CFCs, or chlorofluorocarbons,were once used as refrigerants, but were banned due to their role in the depletion of ozone in our upper atmosphere. The evaporation of CFCs can be used to drive the freezing of liquid water. Given the heat of vaporization for one such CFC is 289 J/g, how many grams of liquid water at 25.0 degrees Celsius (oC) could be frozen at 0.0 oC when 52.0 g of the CFC evaporates at its boiling point?

How much heat can be absorbed by the CFC? That's 289 J/g x 52.0g = ?J.
How much heat must be extracted from water to move from 25 C to 0C. That will be mass H2O x specific heat H2O x (25) = ?
How much to freeze H2O. That's mass H2O x heat fusion = ?

heat to freeze H2O + heat to move H2O from 25 to zero = heat absorbed by CFC. I obtained something close to 34 g b ut that's not an exact answer.

For the heat absorbed by the CFC, I got 15028 J. Then for heat extracted from H2O to move from 25 C to 0 C i got 1883.09 J. And for the heat to freeze H2O, 6018.68 J was what I got.
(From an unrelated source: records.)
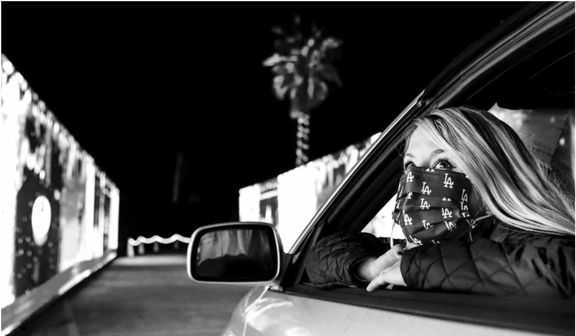
The 2020 World Champion Los Angeles Dodgers are hosting a drive-thru Holiday Festival, complete with a light show, LED video displays, fake snow and interactive displays honoring the Dodgers World Championship and celebrating the holidays. As part of the Dodgers Holiday Festival, Los Angeles Dodgers Foundation will be accepting the following donations in a contactless manner: new or gently-used baseball or softball equipment that will benefit Dodgers RBI, new toys that will benefit Raise A Child, and new pairs of socks that will benefit LA Family Housing.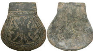
1100 Ancient Objects, Reference: Condition: Very Fine Weight: 21.7 gr Diameter: 54.3 mm 1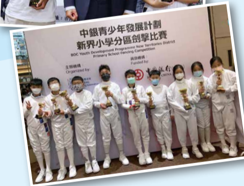
中銀青少年發展計劃新界小學分區劍擊比賽 BOC Youth Development Programme New Territories District Primary School Fencing Competition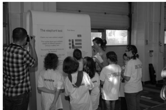
Fig. 3. Participants of the National NEST at MTI

Rys. 3. Uczestnicy szkoleń w Krajowym Miasteczku Bezpieczeństwa Ruchu Drogowego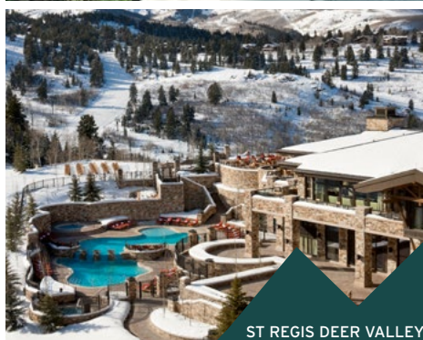
ST REGIS DEER VALLEY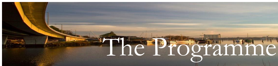
The Tamar River, Launceston

Venue for all events: Hotel Grand Chancellor, 29 Cameron Street, Launceston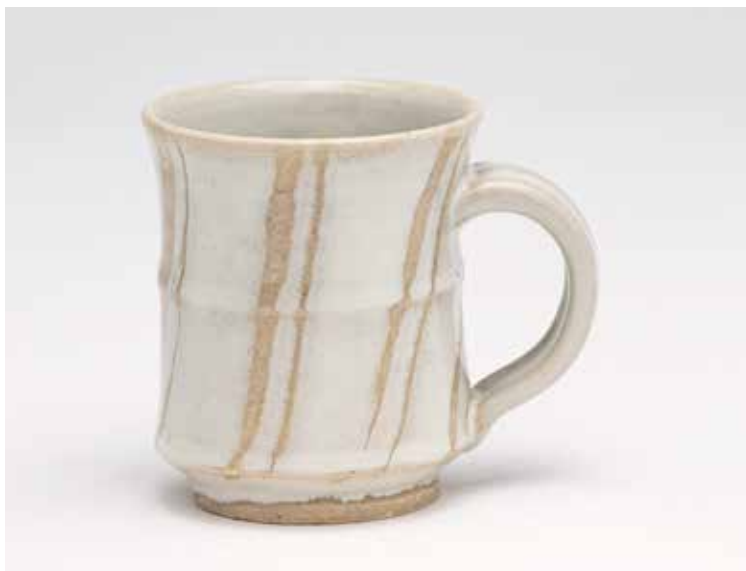
MUG WHITE NUKA GLAZE 4 x 4.5 x 3.5" YH1021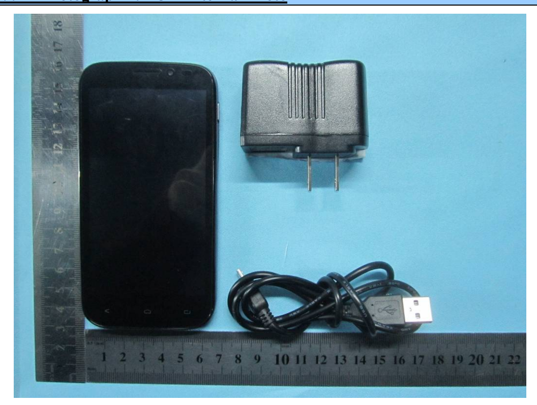
Whole Package - Top View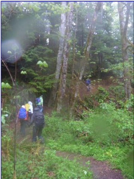
On the way back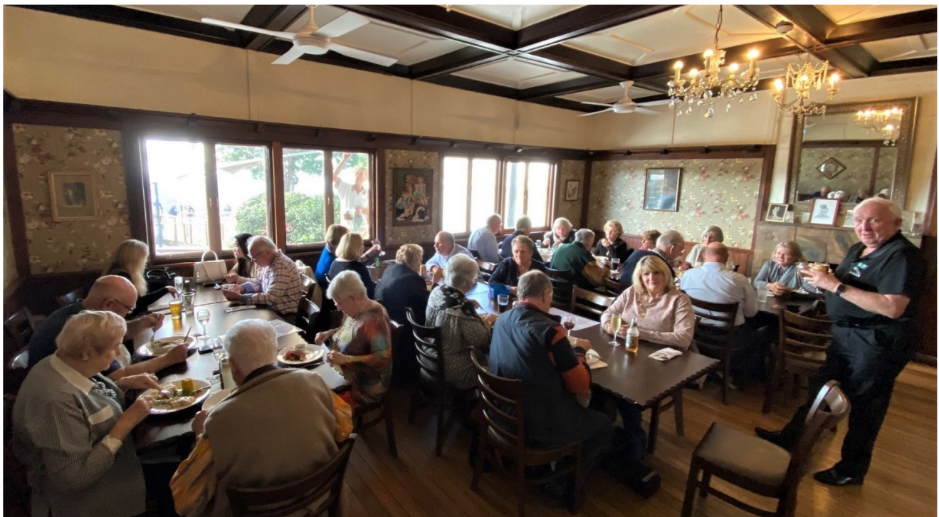
Lunch at St. Bernards Hotel, Mt Tamborine

Chairman's Gold Coast getaway to Glenn Innes. See page 6 for details.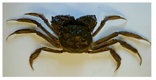
The Chinese mitten crab.

The mitten crab project team held a number of outreach events with both the commercial and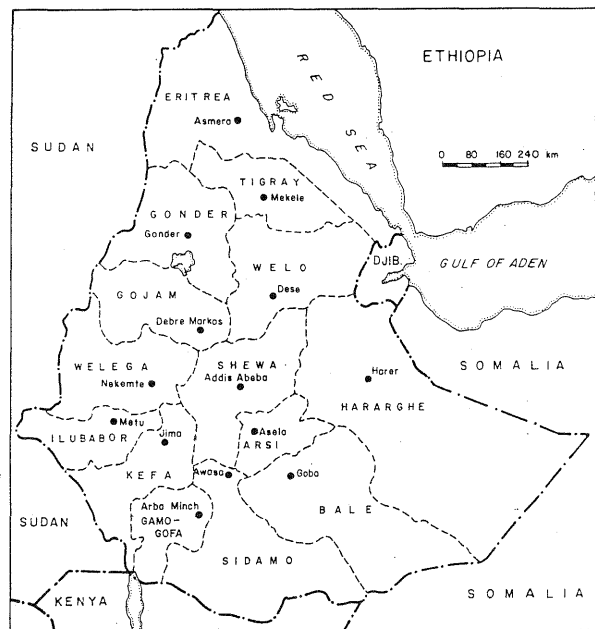
Fig. 1 Map of the Regions of Ethiopia

The available mean August (1984) rainfalls, for the Abyssinian Highland, were found to be 44 mm and 164 mm for Kombolcha (in Welo region) and Debre Markos (in Gojam region), respectively (henricksen, 1986).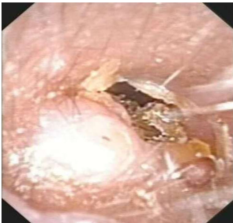
Figure 2: otoscopic findings of the posterior wall of the left auditory canal showing a mass; a normal tympanic membrane was seen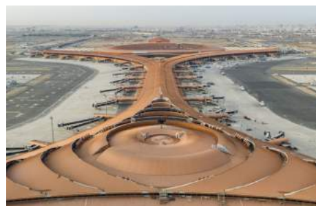
King Abdulaziz Intl. Airport, Jeddah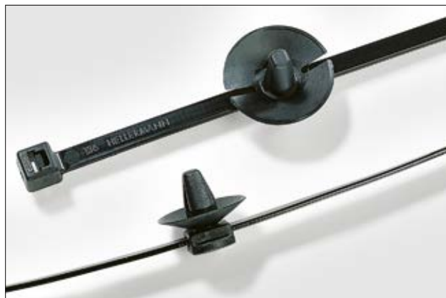
Being a two-piece assembly allows the tie head to be located in the most convenient position.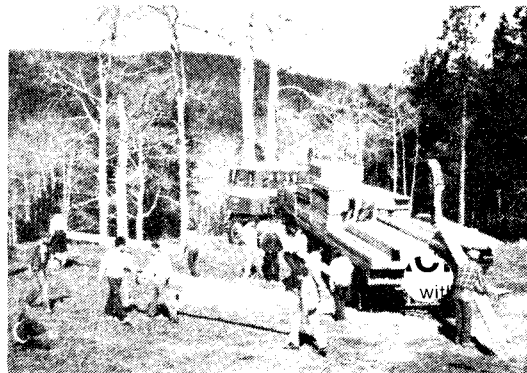
There were 350 people at the ordeal. 250 new Arrowmen joined our ranks.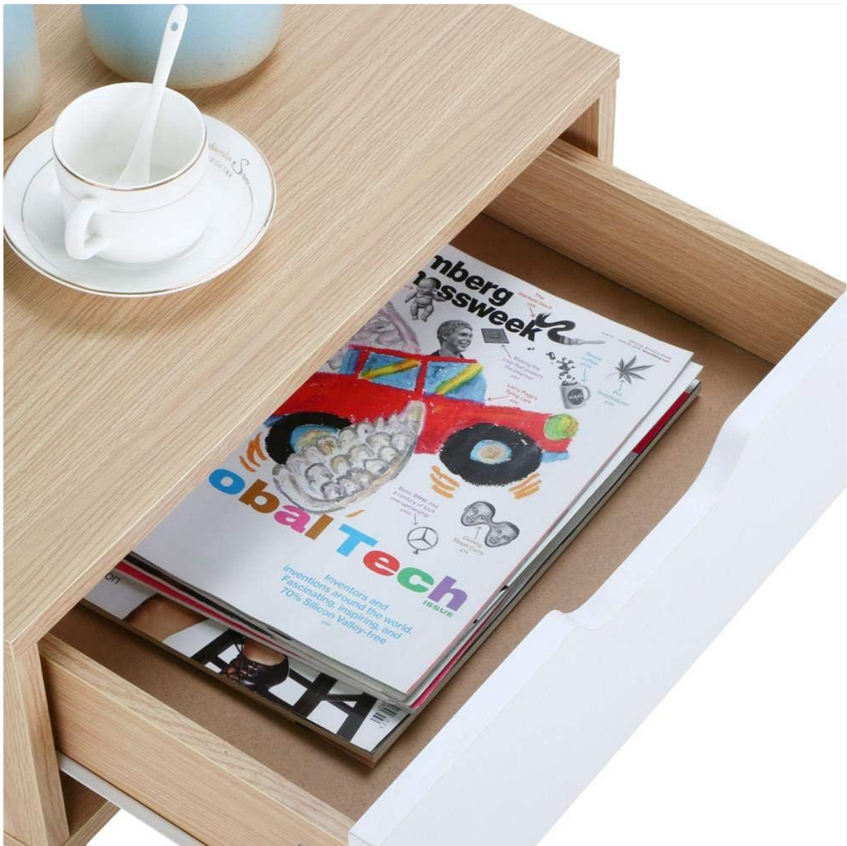
Image: The spacious drawer provides ample storage for various items like magazines.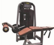
WRK-AN 37 卧式曲腿训练器 Phone Leg Curl Size(L*W*H(mm)):1550*1480*1600mm Machine weight:230 kg Weight stack:95 kg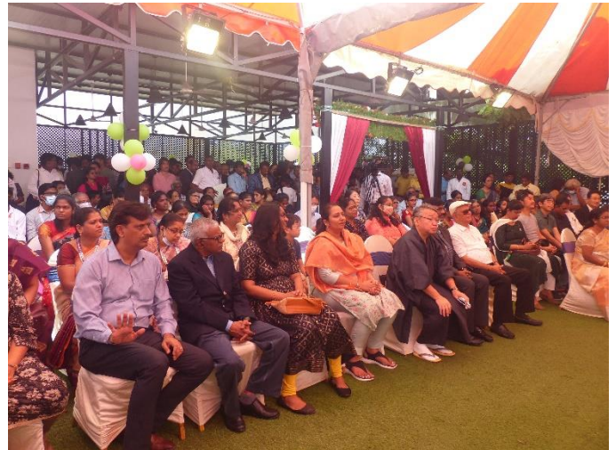
Participants in the inaugural ceremony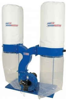
W329 Dust Collector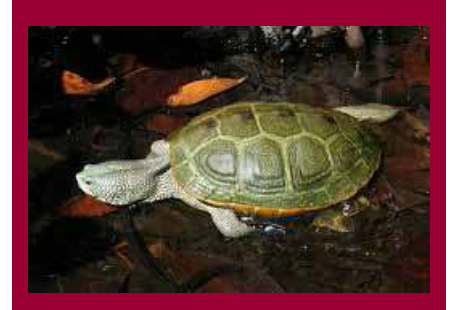
The diamondback terrapin is now protected under the new legislation.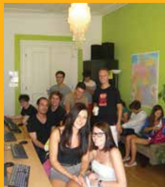
Internet terminals in Munich

Our fully equipped kitchen is a popular hang-out during the breaks and enables an intensive exchange between students and teachers beyond lesson time. Here, extra-curricular activities for the evenings and weekends are planned and these often form the beginning of lasting friendships.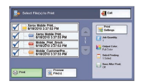
Personalized solutions you access right from the touch screen interface.

Secure. Mobile workers can print directly from their mobile devices and retrieve documents at a Xerox-enabled MFP with a secure confirmation code. Mobile professionals will no longer have to rely on others to print sensitive documents or risk leaving prints in the output tray.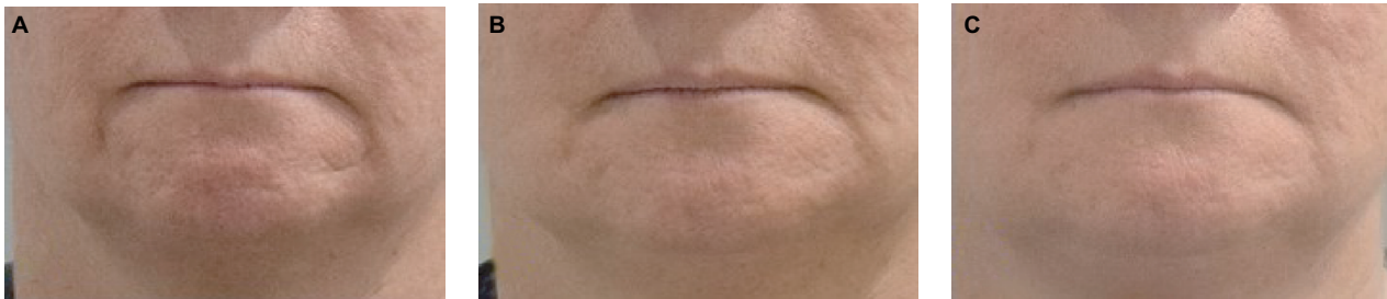
Figure 3 Scar correction with hyaluronic acid dermal filler.

Notes: A 61-year-old patient suffering from grade 2 facial lipoatrophy (Ascher's scale), before ( A and D ) and after the treatment at Week 4 ( B and E ) and Week 24 ( C and F ). A total of 8 mL of the filler was injected into the midface: 6 mL on Day 1 and 2 mL 2 weeks later for a touch-up on the left side.

When I added the two energy values of H2O, it did not amount to the heat absorbed by CFC. And how did you go from the heat to freeze H2O + heat to move H2O from 25 to 0 = heat absorbed CFC to 34 g of liquid water?

How in the world did you come up with 1883.09J for moving water from 25 to zero? You don't have a mass of water.
mass H2O x specific heat H2O x (Tf-Ti) = mass H2O x 4.184 x (25) = 104.6*mass H2O

How much to freeze H2O. That's mass H2O x 334 = 334*mass H2O
Let x = mass H2O and substitute into
heat to freeze H2O + heat to move H2O from 25 to zero = heat absorbed by CFC.
334x + 104.6x = 15028
Solve for x = mass H2O. I obtained about 34.3 g H2O. We can check the number.
34.3 x 4.184 x 25 = 3587.8 J
34.3 x 334 = 11,456
11,456 + 3587 = 15,043 which doesn't quite add up to the 15028 BECAUSE the 34.3 is rounded from 34.26357.